Артист болтал непринужденно‑весело, в отличном настроении, с дружеской расположенностью к дяде Пете.

А того вновь томили привычные опаска, недоверчивость, подозрения, и слушал он артиста без всякой веры. Уж лучше бы действительно уполномоченный, так бы оно было понятней… А то – артист! И театра‑то такого вроде нет – мелетюр… Может, он и не артист никакой, а взял да и опять наврал? Поди его разбери. Притворный он какой‑то, оборотный, игручий…

Впереди машины, захватывая грейдер в неполную ширину, бежало тусклое желтое пятно света. В пятне этом в скучном однообразии мелькали колчи грязи, соломенная труха, вдавленные, втертые в чернозем колесами машин, кукурузные будылья и листья. Садовое становилось все ближе, и, как всегда при возвращении в село, в дяде Пете подымалась и росла его беспричинная, тягостная тревога.
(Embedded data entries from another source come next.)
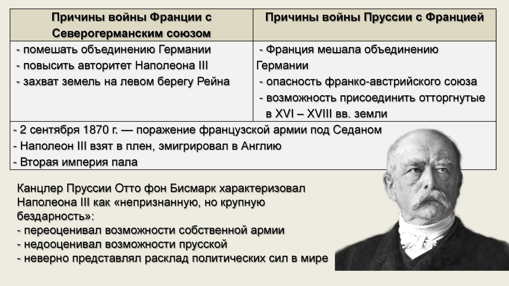 Причины войны Франции сСеверогерманским союзом
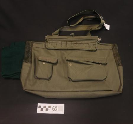 Grön axelväska. Innehåller en dagstidning och ett par handskar.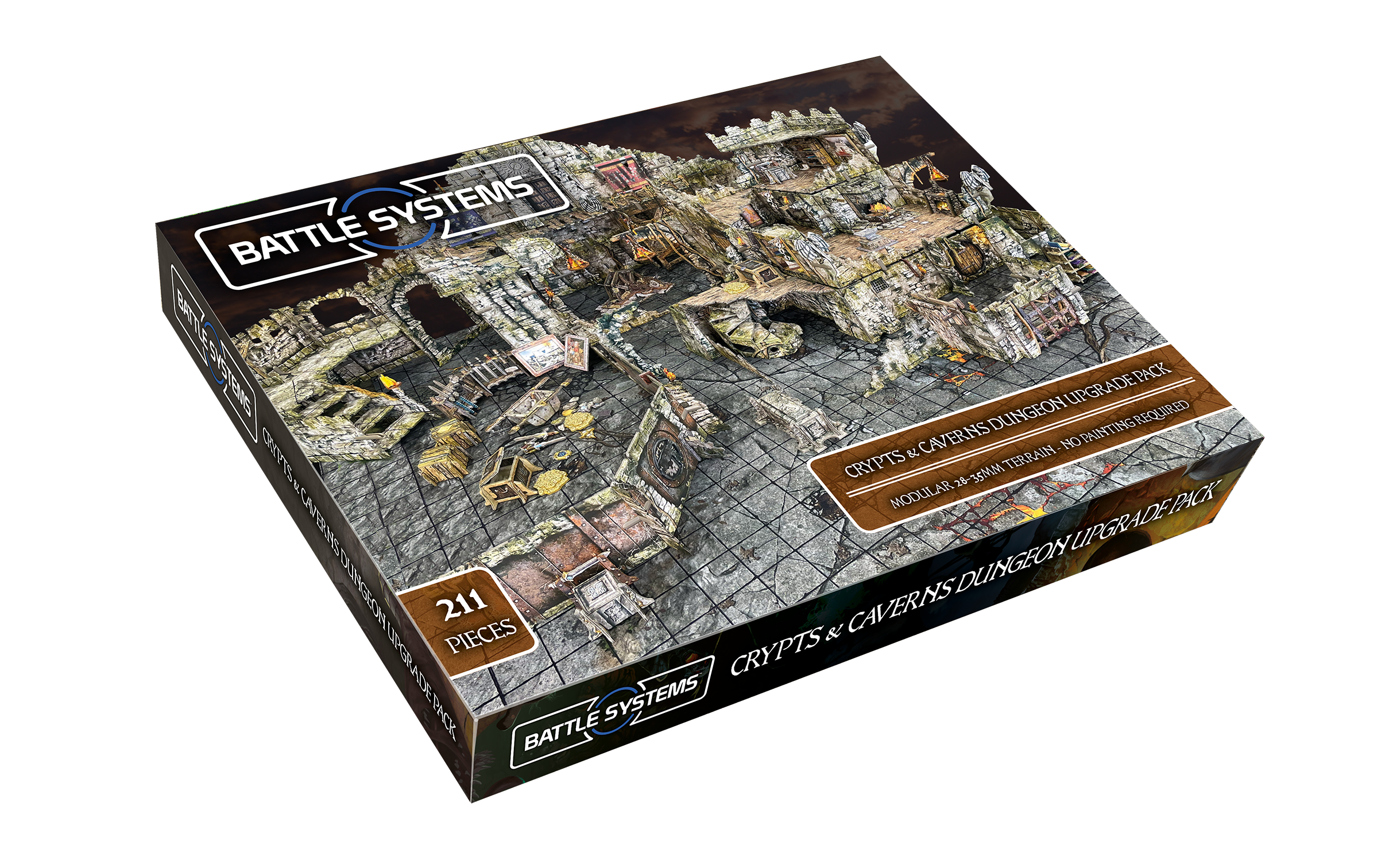 This Crypts and Caverns Dungeon Upgrade Pack expands your Battle Systems Dungeon with unique walls, floors, furniture and accessories not found in the core set. These can add variety to your dungeon or castle layouts, build towering multi-level sections, or create bespoke rooms to suit your quest objectives.

Только в этот раз чувство это было почему‑то сильнее и явственнее обычного…

 

Глава пятьдесят третья

 

Одинокий, вздрагивающий на каждом ухабе разболтанным кузовом грузовик в неспешности, точно совсем не стремясь куда‑либо приехать, погромыхивая, бежал в ночи по извивам безлюдного грейдера, а за много километров от дороги, по которой катились его истертые пыльные колеса, в кабинете начальника районной милиции горел яркий свет, плавал папиросный дым, – Андрей Павлович Муратов, сосредоточенный и серьезный, готовился к разговору с Голубятниковым.

Он полистал разбухшую от бумаг папку, сказал Державину, чтоб привели обвиняемого, благодаря интенсивным медицинским мерам уже достаточно поправившегося здоровьем и еще утром переведенного из больницы в камеру предварительного заключения при милиции. Однако, отдав Державину распоряжение, Муратов тут же передумал, сказал, чтоб не приводили, что он будет допрашивать Голубятникова не в кабинете, где обстановка для него нова и может подействовать таким образом, что он испугается и замкнется, а в камере, где Голубятников уже более или менее освоился и привык.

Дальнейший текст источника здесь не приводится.